Metadata-Version: 2.4
Name: arc-training
Version: 4.0.1
Summary: Automatic Recovery Controller - Auto-detect and recover from neural network training failures
Home-page: https://github.com/aryankaushik/arc-training
Author: Aryan Kaushik
Author-email: Aryan Kaushik <a.kaushik0908@gmail.com>
License: AGPL-3.0-or-later
Project-URL: Homepage, https://github.com/aryankaushik/arc-training
Project-URL: Documentation, https://arc-training.readthedocs.io
Project-URL: Repository, https://github.com/aryankaushik/arc-training
Project-URL: Changelog, https://github.com/aryankaushik/arc-training/blob/main/CHANGELOG.md
Keywords: deep-learning,pytorch,training,fault-tolerance,nan-recovery,checkpointing,machine-learning
Classifier: Development Status :: 4 - Beta
Classifier: Intended Audience :: Science/Research
Classifier: Intended Audience :: Developers
Classifier: License :: OSI Approved :: GNU Affero General Public License v3 or later (AGPLv3+)
Classifier: Operating System :: OS Independent
Classifier: Programming Language :: Python :: 3
Classifier: Programming Language :: Python :: 3.8
Classifier: Programming Language :: Python :: 3.9
Classifier: Programming Language :: Python :: 3.10
Classifier: Programming Language :: Python :: 3.11
Classifier: Programming Language :: Python :: 3.12
Classifier: Topic :: Scientific/Engineering :: Artificial Intelligence
Classifier: Topic :: Software Development :: Libraries :: Python Modules
Requires-Python: >=3.8
Description-Content-Type: text/markdown
License-File: LICENSE
License-File: NOTICE
Requires-Dist: torch>=1.9.0
Requires-Dist: numpy>=1.19.0
Provides-Extra: dev
Requires-Dist: pytest>=6.0; extra == "dev"
Requires-Dist: pytest-cov>=2.0; extra == "dev"
Requires-Dist: black>=21.0; extra == "dev"
Requires-Dist: isort>=5.0; extra == "dev"
Requires-Dist: mypy>=0.900; extra == "dev"
Provides-Extra: lightning
Requires-Dist: pytorch-lightning>=1.5.0; extra == "lightning"
Provides-Extra: full
Requires-Dist: scipy>=1.7.0; extra == "full"
Requires-Dist: tqdm>=4.0.0; extra == "full"
Dynamic: author
Dynamic: home-page
Dynamic: license-file
Dynamic: requires-python

# ARC - Autonomous Recovery Controller

[![PyPI version](https://badge.fury.io/py/arc-training.svg)](https://badge.fury.io/py/arc-training)
[![Python 3.8+](https://img.shields.io/badge/python-3.8+-blue.svg)](https://www.python.org/downloads/)
[![License: AGPL v3](https://img.shields.io/badge/License-AGPL_v3-blue.svg)](https://www.gnu.org/licenses/agpl-3.0)

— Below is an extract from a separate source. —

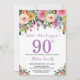 Floral Surprise 90th Birthday Invitation for Women. Fleur florale aquarelle. Rose, Jaune, Orange, Fleur Violette. Anniversaire adulte. 30ème 40ème 50ème 60ème 70ème 80ème 90ème 100ème 13ème 15ème 16ème 18ème 20ème 21ème N'importe quel âge. Pour plus de personnalisation, cliquez sur le bouton "Customiser" et utilisez notre outil de conception pour modifier ce modèle.

**A real-time fault-tolerance framework for neural network training.**

ARC monitors training signals — gradients, loss curvature, Fisher Information — to predict and recover from failures before they crash your run. It uses a Mamba-based state-space model with Evidential Deep Learning for uncertainty-aware failure prediction.

## Key Results

| Metric            | ARC v4.0                                                 |
| ----------------- | -------------------------------------------------------- |
| **Recovery Rate** | 100% on core failure types (NaN, Inf, explosion)         |
| **Overhead**      | ~35% (small models), higher on larger models             |
| **vs torchft**    | 3/3 vs 1/3 recoveries                                    |
| **Models Tested** | YOLOv11, DINOv2, Llama-Style, SD-UNet (up to 33M params) |

## Quick Start

### Installation

```bash
pip install arc-training
```

### Basic Usage

```python
from arc import Arc

# Wrap your model and optimizer
controller = Arc(model, optimizer)

# Training loop
for batch in dataloader:
    loss = model(batch)

    # ARC monitors, predicts, and recovers automatically
    action = controller.step(loss)

    if not action.rolled_back:
        loss.backward()
        optimizer.step()
```

### Lightning Integration

```python
from arc import ArcCallback

trainer = pl.Trainer(
    callbacks=[ArcCallback()]
)
```

## Configurations

| Config       | Overhead | Use Case                |
| ------------ | -------- | ----------------------- |
| **ARC Lite** | Lower    | Production training     |
| ARC Full     | Higher   | Debugging unstable runs |

## Failure Coverage

| Failure Type       | Detection | Recovery | Status         |
| ------------------ | --------- | -------- | -------------- |
| NaN/Inf Loss       | Yes       | Yes      | Validated      |
| Loss Explosion     | Yes       | Yes      | Validated      |
| Gradient Explosion | Yes       | Yes      | Validated      |
| OOM (all stages)   | Yes       | Yes      | Validated      |
| Accuracy Collapse  | Yes       | Partial  | Detection only |
| Mode Collapse      | Yes       | Partial  | Detection only |

## Benchmarks

```
Core Failure Recovery: 100% (NaN, Inf, explosion across all tests)
Modern Model Recovery: 5/8 induced failures recovered
torchft Comparison:    ARC 3/3 vs torchft 1/3
Models Tested:         YOLOv11, DINOv2-Small, Llama-Style, SD-UNet
```

## Links

- [Efficiency Report](ARC_EFFICIENCY_REPORT.md)

## Citation

```bibtex
@software{arc2026,
  title={ARC: Autonomous Recovery Controller for Neural Network Training},
  author={Kaushik, Aryan},
  year={2026},
  url={https://github.com/a-kaushik2209/ARC}
}
```

## License

AGPL-3.0 License - see [LICENSE](LICENSE) for details.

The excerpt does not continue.